When you peel all that back, he’s deeply intelligent and keenly observant, thanks in part to his training but also to innate ability. He’d initially read for the bar but been too intent on breaking the law to ever work in it. The whole series is something of a push-back against the glitzy glam James Bond spy, half the characters are middle aged men leafing through notebooks and decoding more code, and Ricki is the closest thing there is to an exception to this rule. Instead of cultured, though, he’s played crass, strong and solemn and a little tatty, and not at all flash. He's actually from Asia originally, but an expat family, and you are given the deliberate sense that it's not a particularly good family, by society standards. Ricki feels rough in more ways than he does smooth.
When he tells stories, he’s described as having a total and perfect stillness to him, recalling events in tremendous detail as though hearing his own voice describe them back to him. He is patient when he wants to be.
He’s also a sort of incoherent romantic.

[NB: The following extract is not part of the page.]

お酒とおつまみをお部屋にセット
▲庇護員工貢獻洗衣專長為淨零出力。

The tears he sheds in front of his handler, earlier, were for the life of Irina, young woman whom he’d unintentionally gotten captured while in the process of turning her to their side. He talks about needing to save her, owing her, adoring her, despite the briefness of their fling and the fact that he’d been seducing her with hopes to bring her over.

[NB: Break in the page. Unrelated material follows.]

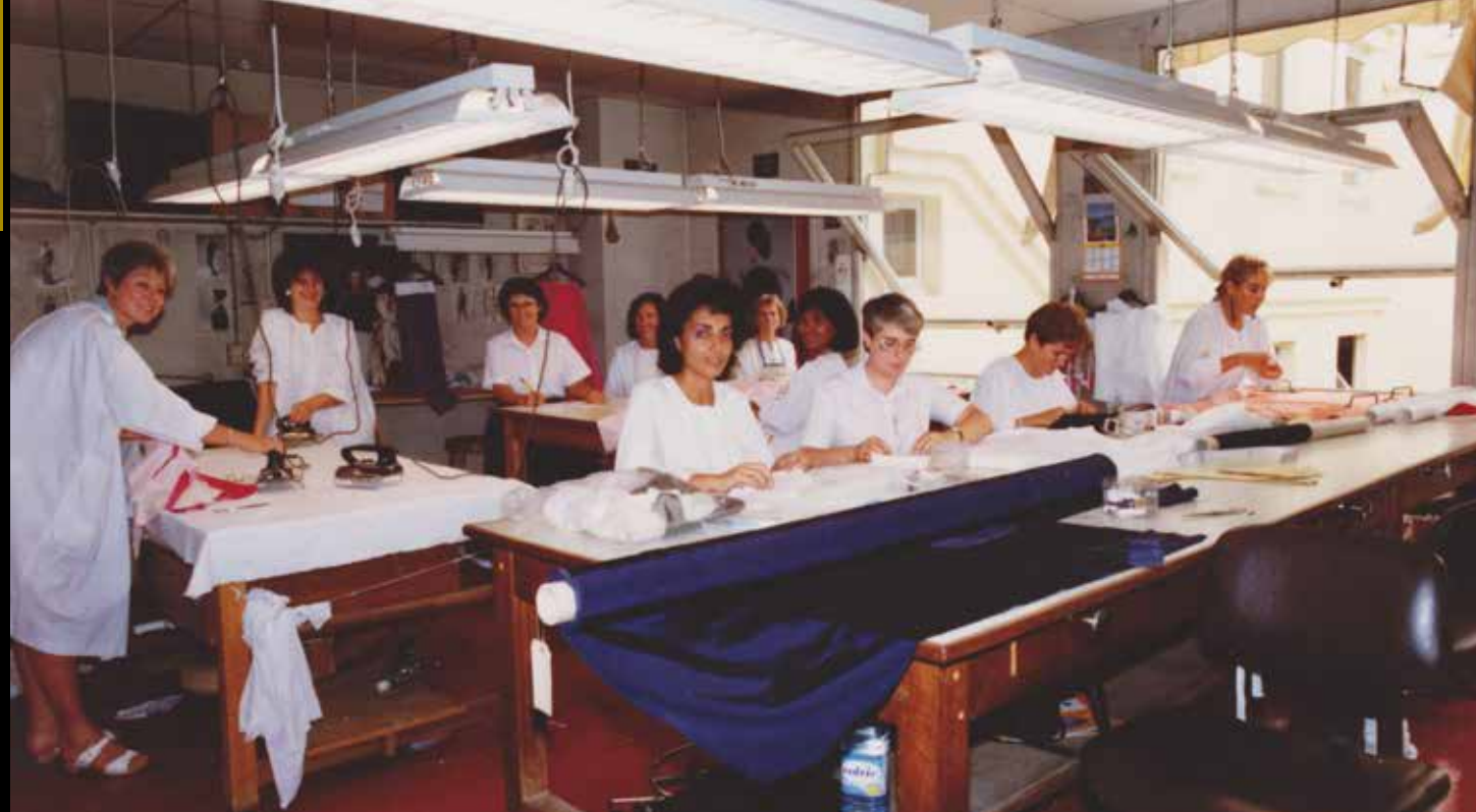
Au premier plan de cette photo de l'atelier de couture Lanvin, un rouleau de tissus «bleu Lanvin» qui vient de la teinturerie de Nanterre.

He also talks about his young daughter, holing up with her and her mother during the book in their native Kuala Lampur. When he's in trouble that's where he goes. He is referenced to have ‘wives around the globe’ and the woman in Kuala Lampur as 'currently leading the pack,' but this doesn’t seem to disqualify his desire to rescue Irina. Whether he intends to add her to their numbers, or to hole up with her and his daughter and daughter’s mother one day and just get away from it all isn't clear. It's even possible that, given the brevity of their actual relationship and its' being founded so heavily on lies, she represents an idea more than a person, a deep romanticism for loving and saving women. Though it's not handled explicitly in the book, and left out entirely in the film, there's clearly some sort of dissonance going on there. I would speculate that it's related to compartmentalization, to living one life with his wife and child (actually barely living it, he's absent most of the time and in the 1970s Kuala Lampur is hardly in close and easy contact with the outside world) so rather to leaving them as a sacrosanct island, representing home and safety, that he lives largely outside of with another identity entirely, himself as spy.

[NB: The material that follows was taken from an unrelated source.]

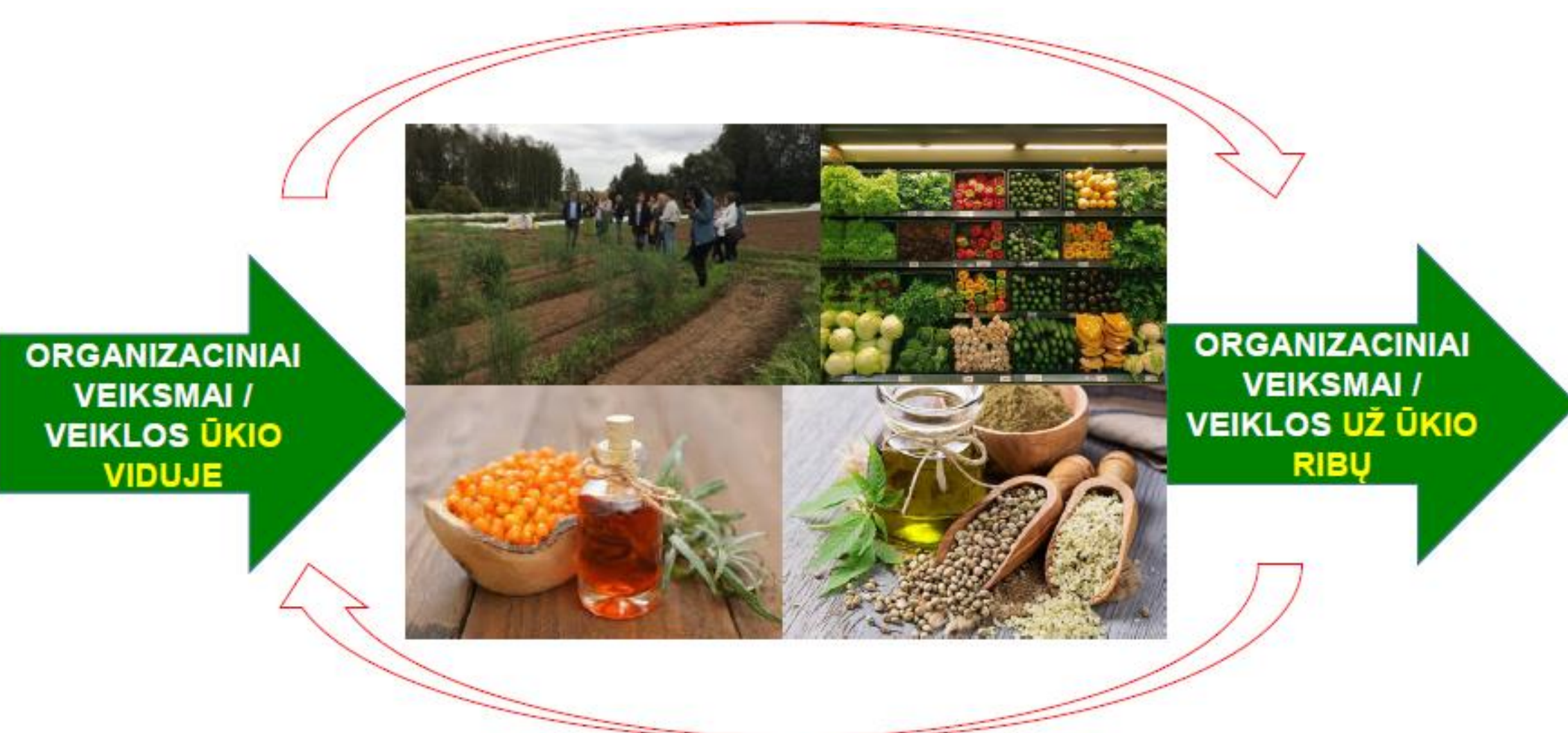
4 pav. Organizaciniai vidiniai ir išoriniai TMTG veikimai

As The infidelity is slightly morally repugnant, but in the context of the book and film it’s just so refreshing to see someone invested in the wellbeing of another person that it actually really touching and romantic somehow? Maybe that just provides a more stark sense of the incredibly low standards for human decency in the twisted and shady world of espionage. Him expressing genuine grief, even over such an unorthodox situation, is really striking.
With regards to the romance in particular, Ricki has a slight ability not to see his own wrongdoing at every given moment. Early in his career he had what he refers to as 'a brush with a honeytrap' meaning being seduced by the enemy. Regarding Irina, he talks about her being pushed to tears or pushed to confess things as though it had happened quite spontaneously, as though he hadn't had a role in drawing these details and things out of her. This isn't to say he doesn't feel guilty, he clearly does, but when he talks about it there's a sort of ringing disconnect between the feeling and his out-loud interpretation of the past. Remorse without explicit acknowledgement.
Summed up, his personality is best described as profoundly dysfunctional, anesthetized to the suffering of others and out of touch with his own moral compass, meaning well(ish) but ultimately a terrifying muddle.
Barge Reactions: Ricki will have his ‘spy face’ on for the Barge, and will react with bright, glossy laughing marvel, wrinkling his nose at the gross things and shaking his head at the strange things and generally putting on a shiny, candy coloured front of a nice, reasonable person. Underneath that he will be deeply, violently, brutally suspicious and will try to find a way to start sleeping with a proverbial knife under his pillow.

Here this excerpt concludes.